What is required: With pictures removed, output every record below exactly as written.

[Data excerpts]

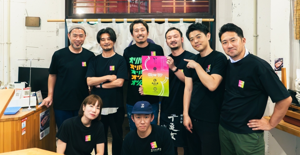 「GLOW UP」は、若潮酒造株式会社、株式会社サカナカケル(出水田食堂)、株式会社下園薩男商店、有限会社 鹿児島ラーメン、株式会社オコソコなど、鹿児島を代表する食品事業者の経営者がフラットに集い、焼酎「GLOW」と地元の食材を掛け合わせた新しい食体験を提供する立ち呑みイベントとして発足しました。
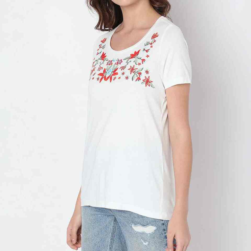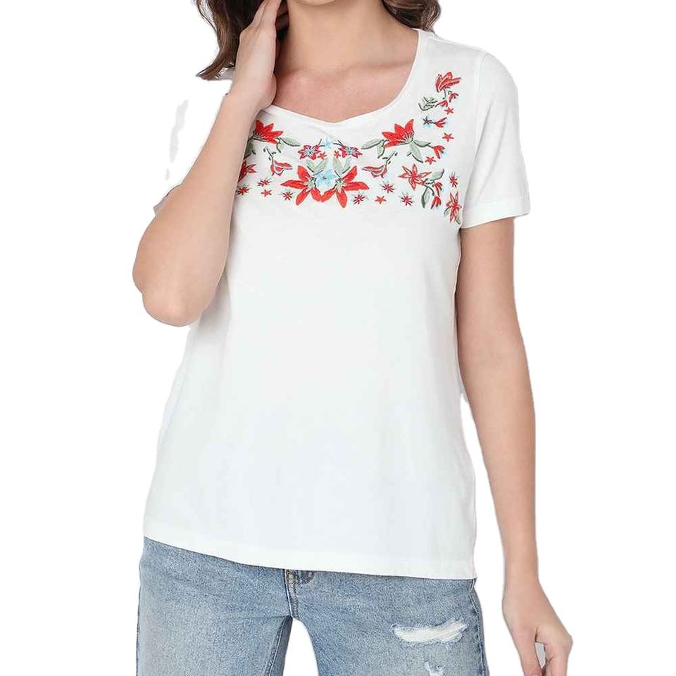 เสื้อยืดผู้หญิงพิมพ์ลายด้วยมือปักสีและขนาดที่กำหนดเองได้
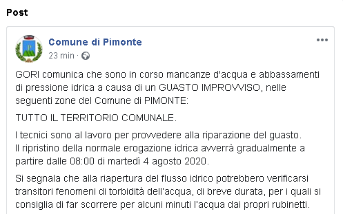 "GORI comunica che sono in corso mancanze d'acqua e abbassamenti di pressione idrica a causa di un GUASTO IMPROVVISO, nelle seguenti zone del Comune di PIMONTE: TUTTO IL TERRITORIO COMUNALE. I tecnici sono al lavoro per provvedere alla riparazione del guasto. Il ripristino della normale erogazione idrica avverrà gradualmente a partire dalle 08:00 di martedì 4 agosto 2020. Si segnala che alla riapertura del flusso idrico potrebbero verificarsi transitori fenomeni di torbidità dell’acqua, di breve durata, per i quali si consiglia di far scorrere per alcuni minuti l’acqua dai propri rubinetti."
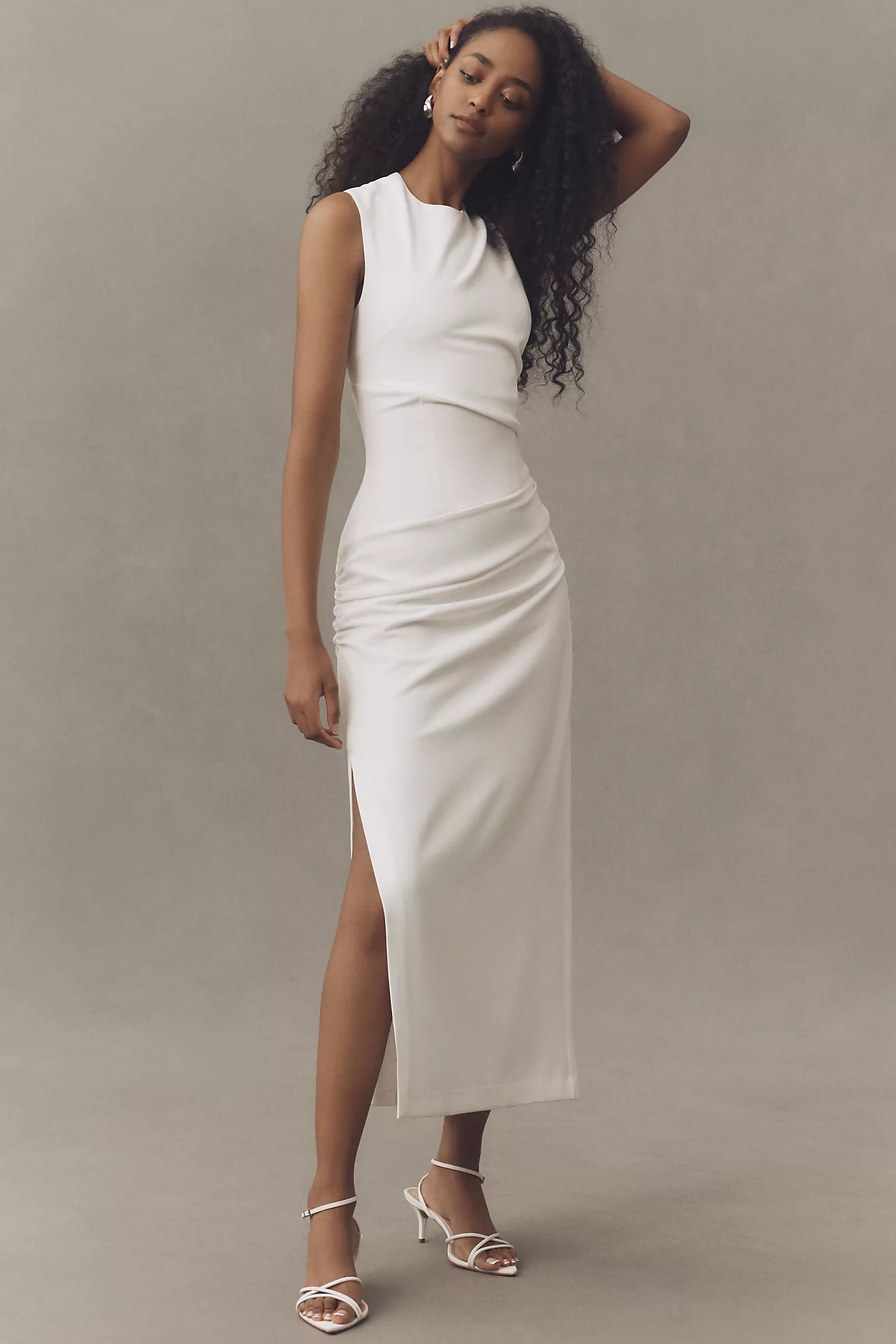 BHLDN Off-Shoulder Gathered Stretch Mesh Slim Midi Dress
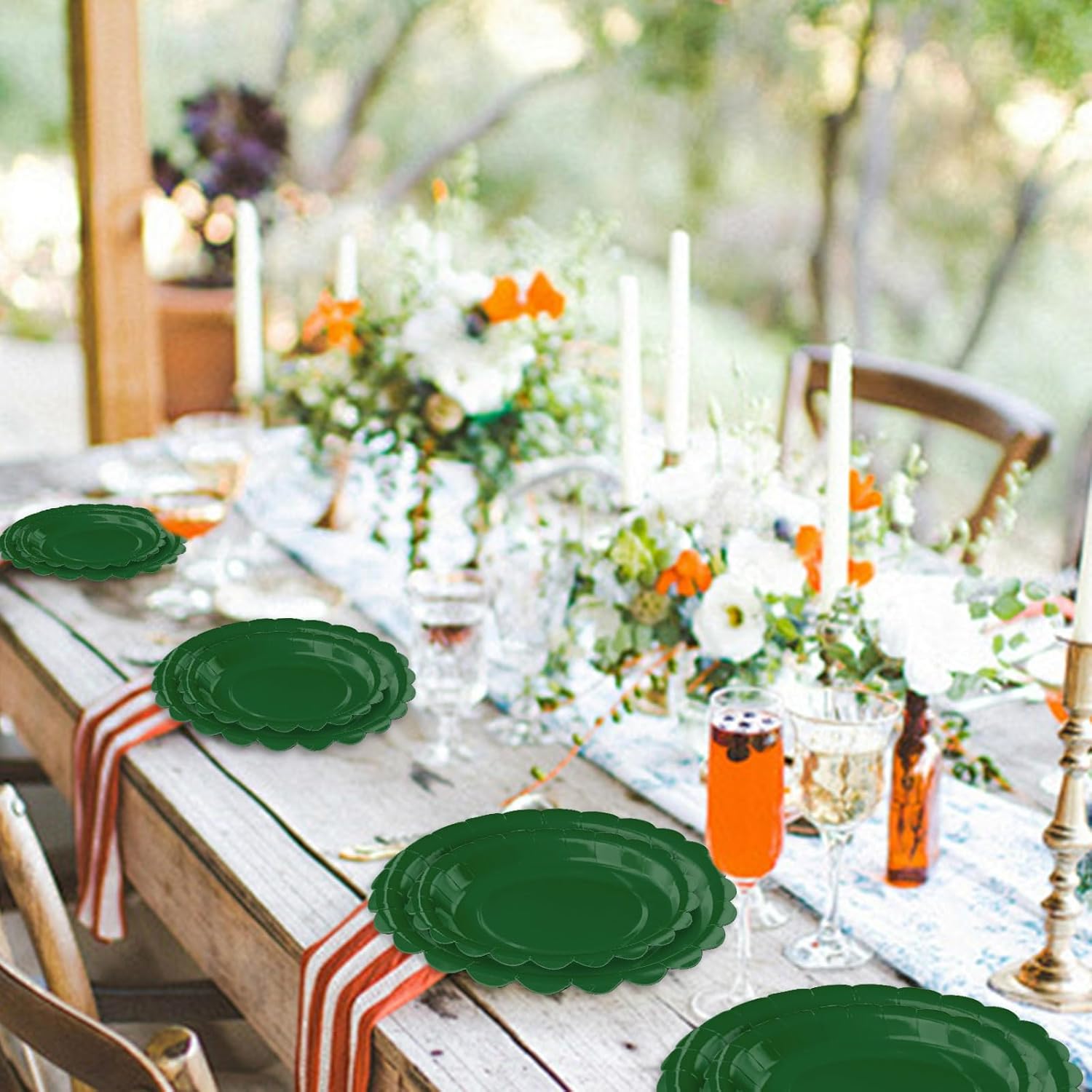 50 Pcs Green Scalloped Paper Plates 25 × 7'' and 25 × 9'' Disposable Green Scalloped Dinner Plates for Wedding Baby Shower Birthday Party Disposable Dessert Plate

Problem solution:
 「GLOW UP」は、若潮酒造株式会社、株式会社サカナカケル(出水田食堂)、株式会社下園薩男商店、有限会社 鹿児島ラーメン、株式会社オコソコなど、鹿児島を代表する食品事業者の経営者がフラットに集い、焼酎「GLOW」と地元の食材を掛け合わせた新しい食体験を提供する立ち呑みイベントとして発足しました。
 เสื้อยืดผู้หญิงพิมพ์ลายด้วยมือปักสีและขนาดที่กำหนดเองได้
 "GORI comunica che sono in corso mancanze d'acqua e abbassamenti di pressione idrica a causa di un GUASTO IMPROVVISO, nelle seguenti zone del Comune di PIMONTE: TUTTO IL TERRITORIO COMUNALE. I tecnici sono al lavoro per provvedere alla riparazione del guasto. Il ripristino della normale erogazione idrica avverrà gradualmente a partire dalle 08:00 di martedì 4 agosto 2020. Si segnala che alla riapertura del flusso idrico potrebbero verificarsi transitori fenomeni di torbidità dell’acqua, di breve durata, per i quali si consiglia di far scorrere per alcuni minuti l’acqua dai propri rubinetti."
 BHLDN Off-Shoulder Gathered Stretch Mesh Slim Midi Dress
 50 Pcs Green Scalloped Paper Plates 25 × 7'' and 25 × 9'' Disposable Green Scalloped Dinner Plates for Wedding Baby Shower Birthday Party Disposable Dessert Plate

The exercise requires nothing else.